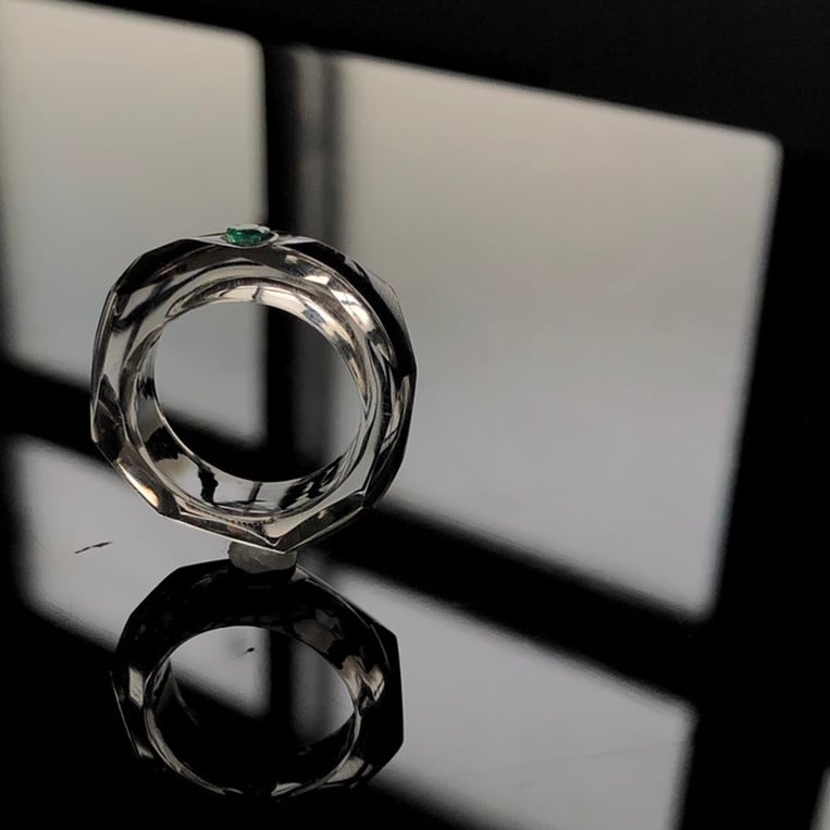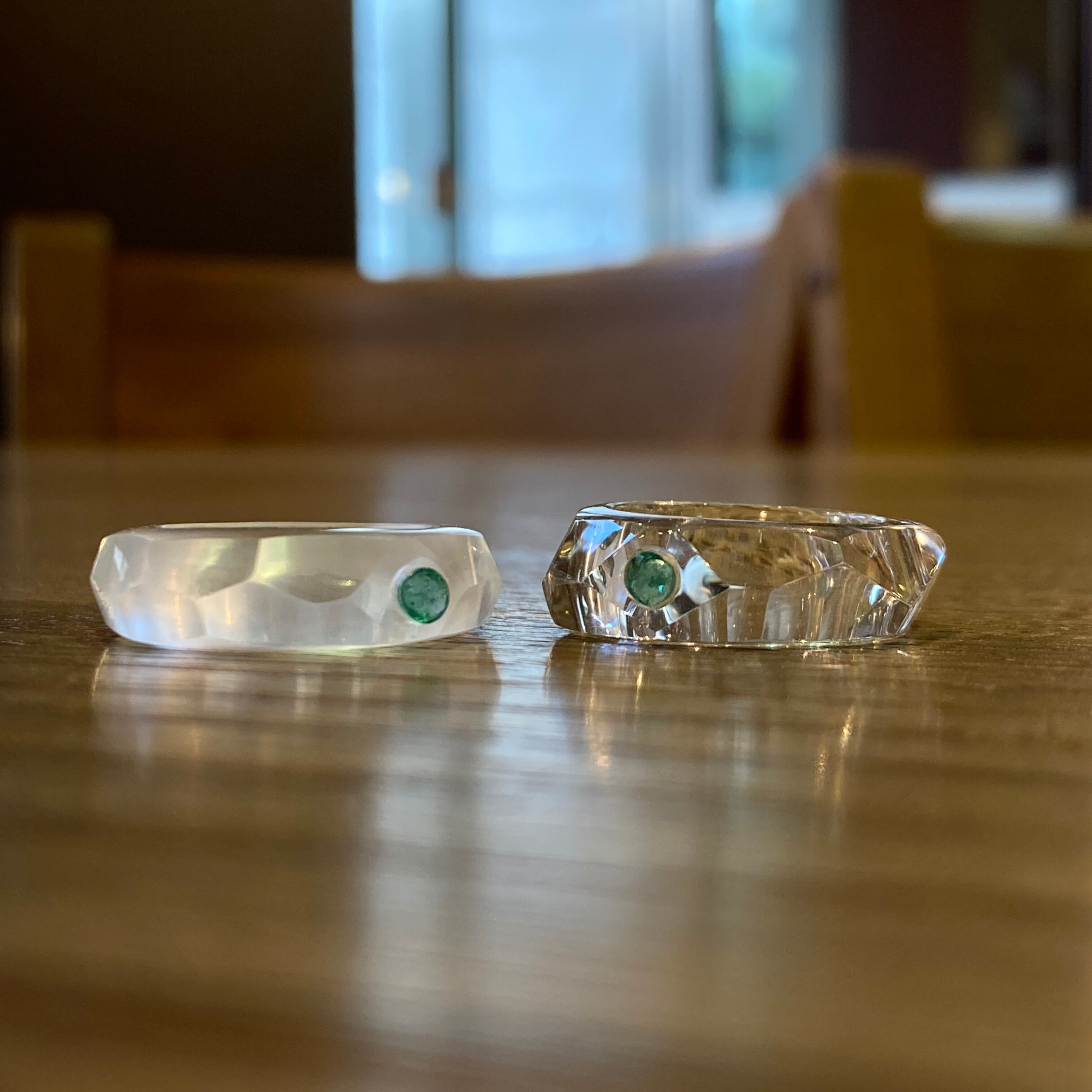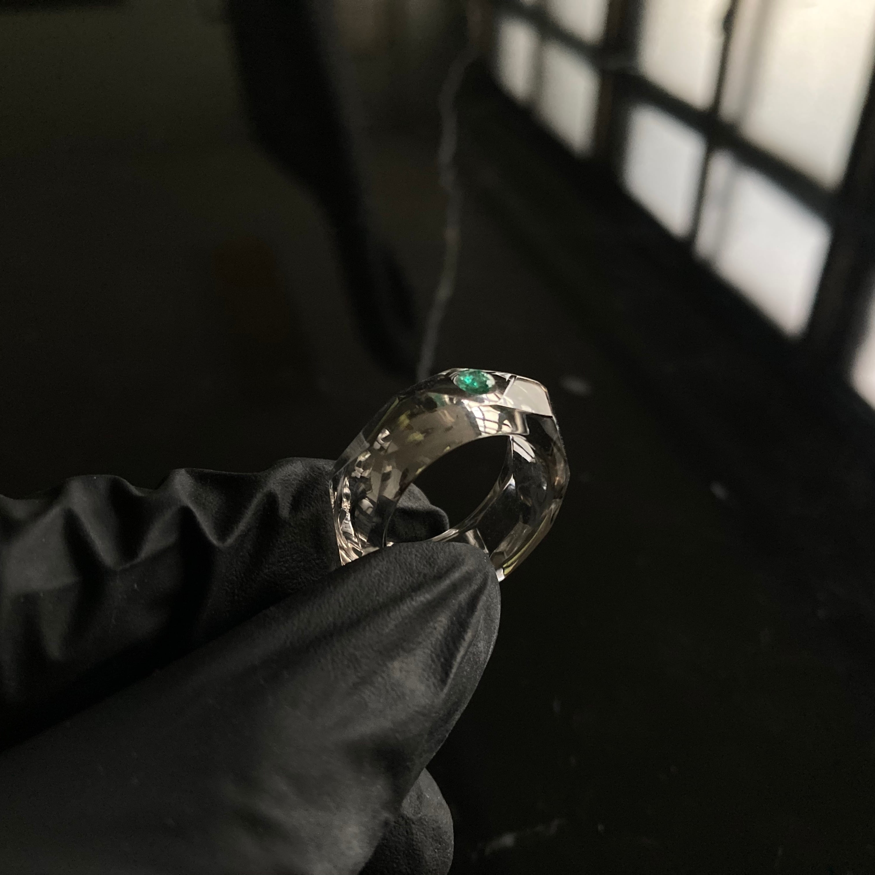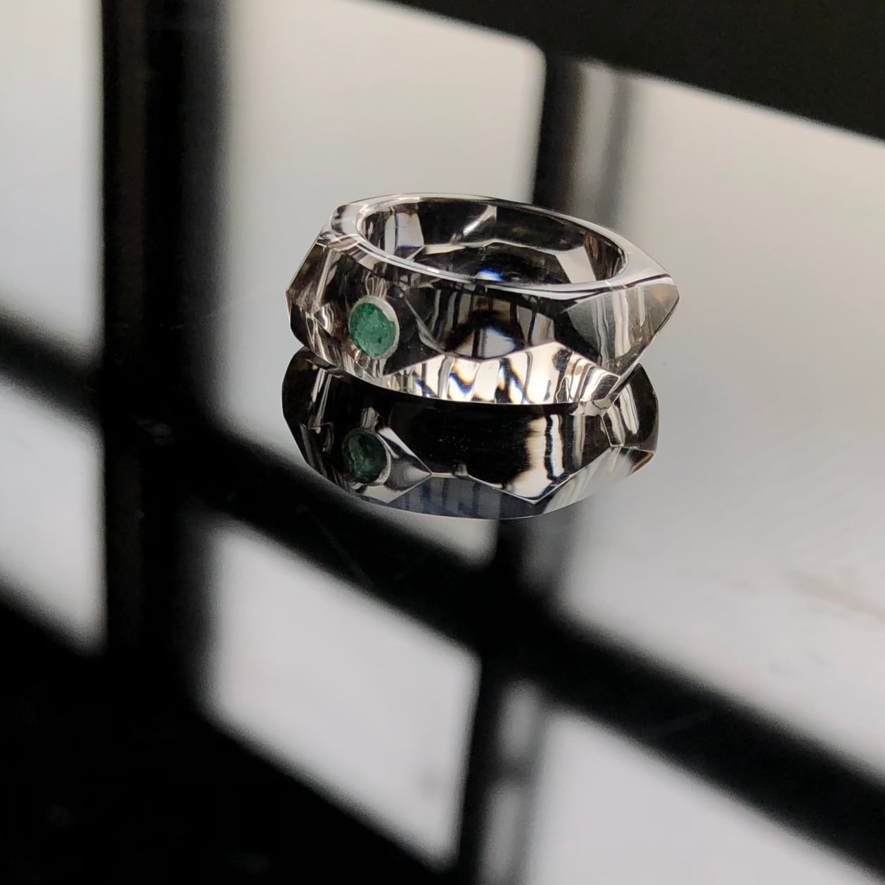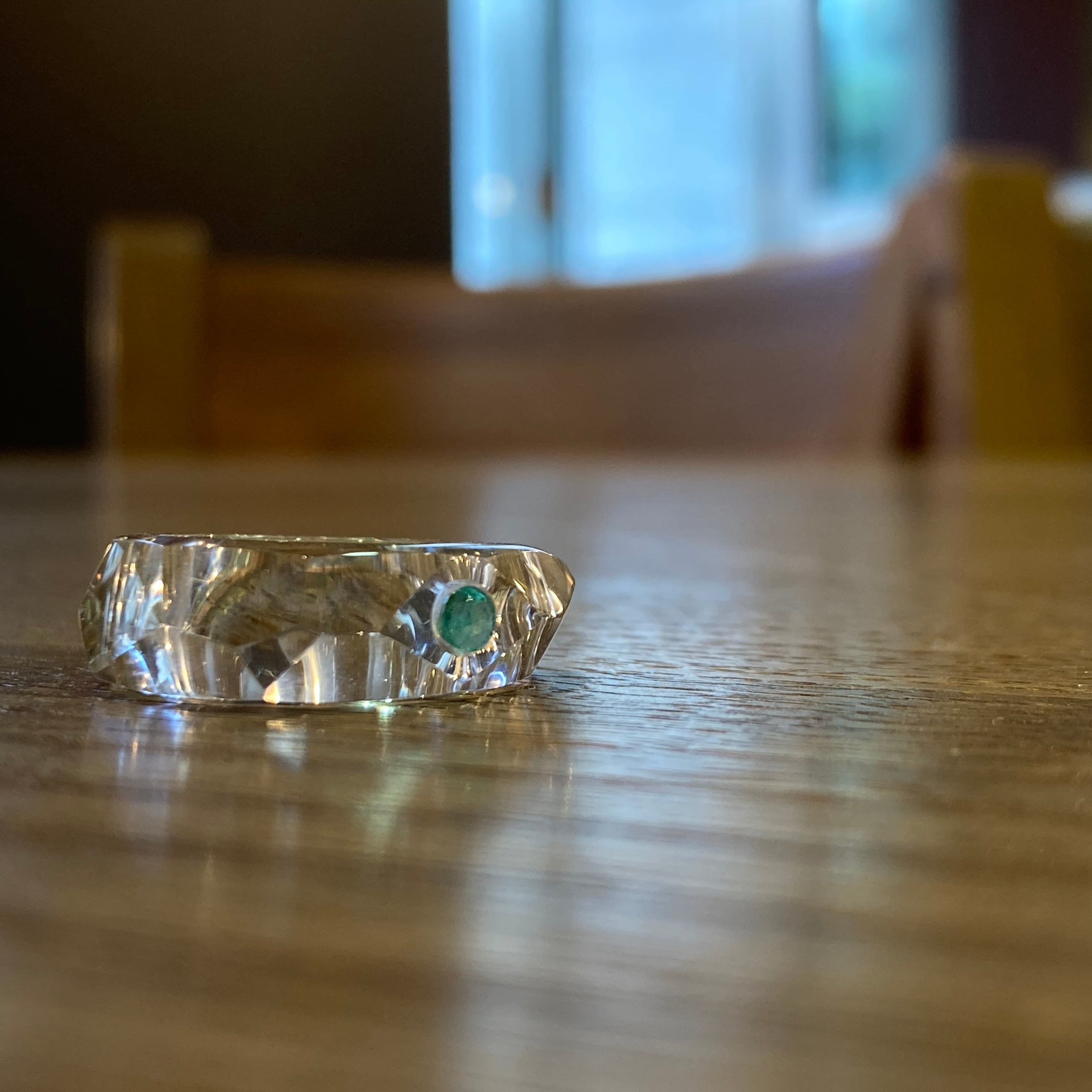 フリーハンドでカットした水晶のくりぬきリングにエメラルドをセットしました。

------------------------------------------------------------

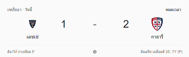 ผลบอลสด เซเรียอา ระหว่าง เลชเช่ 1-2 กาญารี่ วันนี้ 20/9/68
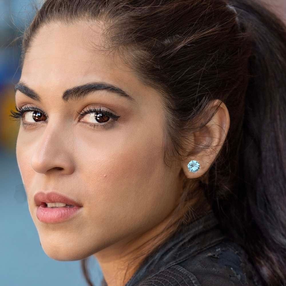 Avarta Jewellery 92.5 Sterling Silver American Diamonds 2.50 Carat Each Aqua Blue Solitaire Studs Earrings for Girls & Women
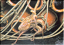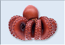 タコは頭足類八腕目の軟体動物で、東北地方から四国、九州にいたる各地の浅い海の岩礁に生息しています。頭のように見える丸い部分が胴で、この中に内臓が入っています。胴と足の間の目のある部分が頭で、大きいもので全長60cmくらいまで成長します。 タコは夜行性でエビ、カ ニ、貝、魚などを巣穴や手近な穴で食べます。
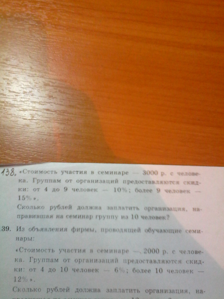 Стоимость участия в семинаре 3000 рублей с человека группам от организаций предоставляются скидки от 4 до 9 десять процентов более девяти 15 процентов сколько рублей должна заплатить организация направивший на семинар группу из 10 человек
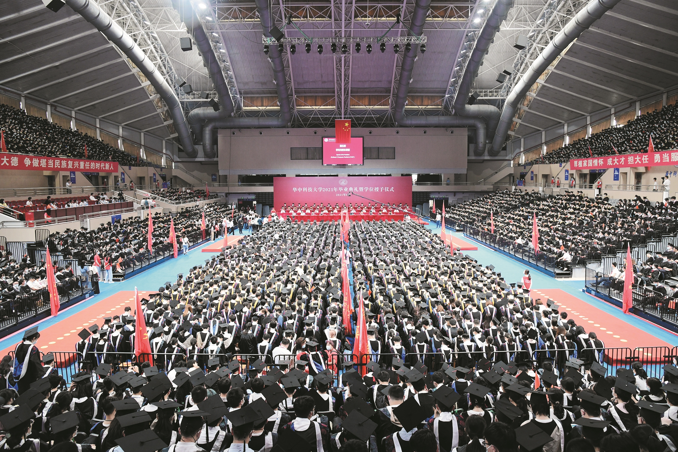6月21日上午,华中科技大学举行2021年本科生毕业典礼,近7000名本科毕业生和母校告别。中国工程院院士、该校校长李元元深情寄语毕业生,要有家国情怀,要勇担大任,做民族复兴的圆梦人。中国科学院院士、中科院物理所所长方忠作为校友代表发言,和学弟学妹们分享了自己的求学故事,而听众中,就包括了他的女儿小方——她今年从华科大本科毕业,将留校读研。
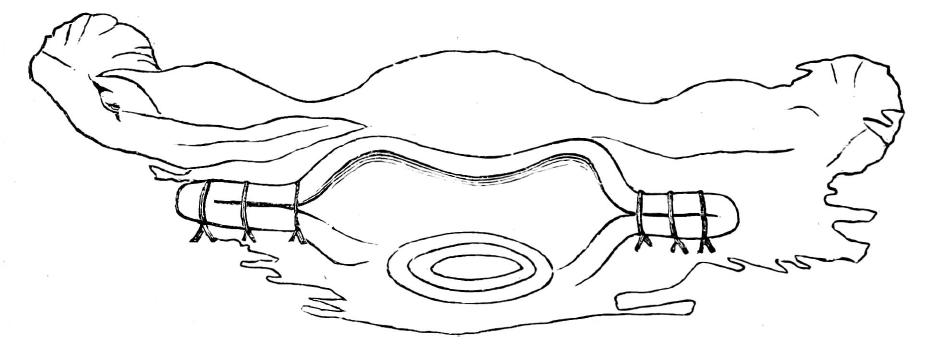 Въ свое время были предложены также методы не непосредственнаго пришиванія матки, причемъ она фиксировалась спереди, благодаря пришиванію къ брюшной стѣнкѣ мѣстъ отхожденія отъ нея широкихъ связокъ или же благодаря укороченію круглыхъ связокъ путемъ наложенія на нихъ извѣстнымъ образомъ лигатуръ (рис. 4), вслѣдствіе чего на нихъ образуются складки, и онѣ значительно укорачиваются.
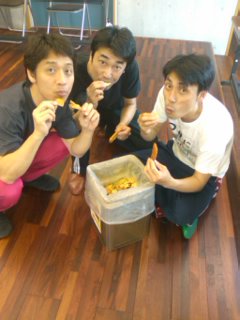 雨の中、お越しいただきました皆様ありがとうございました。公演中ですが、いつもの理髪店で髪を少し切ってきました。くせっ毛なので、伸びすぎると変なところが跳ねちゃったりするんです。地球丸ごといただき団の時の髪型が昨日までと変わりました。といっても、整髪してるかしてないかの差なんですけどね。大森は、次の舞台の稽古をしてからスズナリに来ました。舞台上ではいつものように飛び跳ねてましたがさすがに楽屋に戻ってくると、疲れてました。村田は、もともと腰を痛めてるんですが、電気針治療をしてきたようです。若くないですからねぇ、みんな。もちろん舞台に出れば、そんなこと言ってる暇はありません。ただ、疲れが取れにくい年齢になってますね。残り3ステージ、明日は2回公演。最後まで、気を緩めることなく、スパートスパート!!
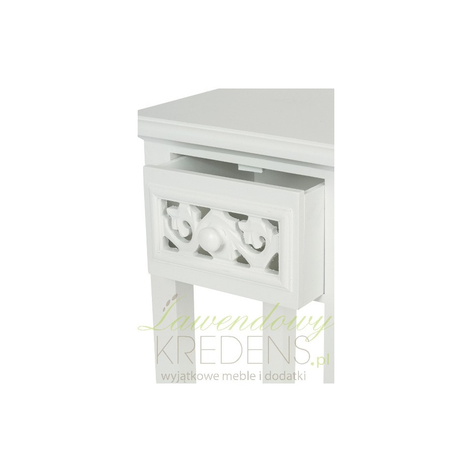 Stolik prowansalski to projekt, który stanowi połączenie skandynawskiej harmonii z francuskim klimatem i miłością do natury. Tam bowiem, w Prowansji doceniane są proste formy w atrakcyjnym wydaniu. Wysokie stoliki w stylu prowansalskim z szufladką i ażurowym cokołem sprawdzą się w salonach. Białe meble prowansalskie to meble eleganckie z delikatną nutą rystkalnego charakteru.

------------------------------------------------------------

WHAT IS NEEDED: Look above for the line with "雨の中、お越しいただきました" and the line with "Stolik prowansalski to". Give again exactly those two lines and all lines between them, pictures excluded.

REPLY:
 雨の中、お越しいただきました皆様ありがとうございました。公演中ですが、いつもの理髪店で髪を少し切ってきました。くせっ毛なので、伸びすぎると変なところが跳ねちゃったりするんです。地球丸ごといただき団の時の髪型が昨日までと変わりました。といっても、整髪してるかしてないかの差なんですけどね。大森は、次の舞台の稽古をしてからスズナリに来ました。舞台上ではいつものように飛び跳ねてましたがさすがに楽屋に戻ってくると、疲れてました。村田は、もともと腰を痛めてるんですが、電気針治療をしてきたようです。若くないですからねぇ、みんな。もちろん舞台に出れば、そんなこと言ってる暇はありません。ただ、疲れが取れにくい年齢になってますね。残り3ステージ、明日は2回公演。最後まで、気を緩めることなく、スパートスパート!!
 Stolik prowansalski to projekt, który stanowi połączenie skandynawskiej harmonii z francuskim klimatem i miłością do natury. Tam bowiem, w Prowansji doceniane są proste formy w atrakcyjnym wydaniu. Wysokie stoliki w stylu prowansalskim z szufladką i ażurowym cokołem sprawdzą się w salonach. Białe meble prowansalskie to meble eleganckie z delikatną nutą rystkalnego charakteru.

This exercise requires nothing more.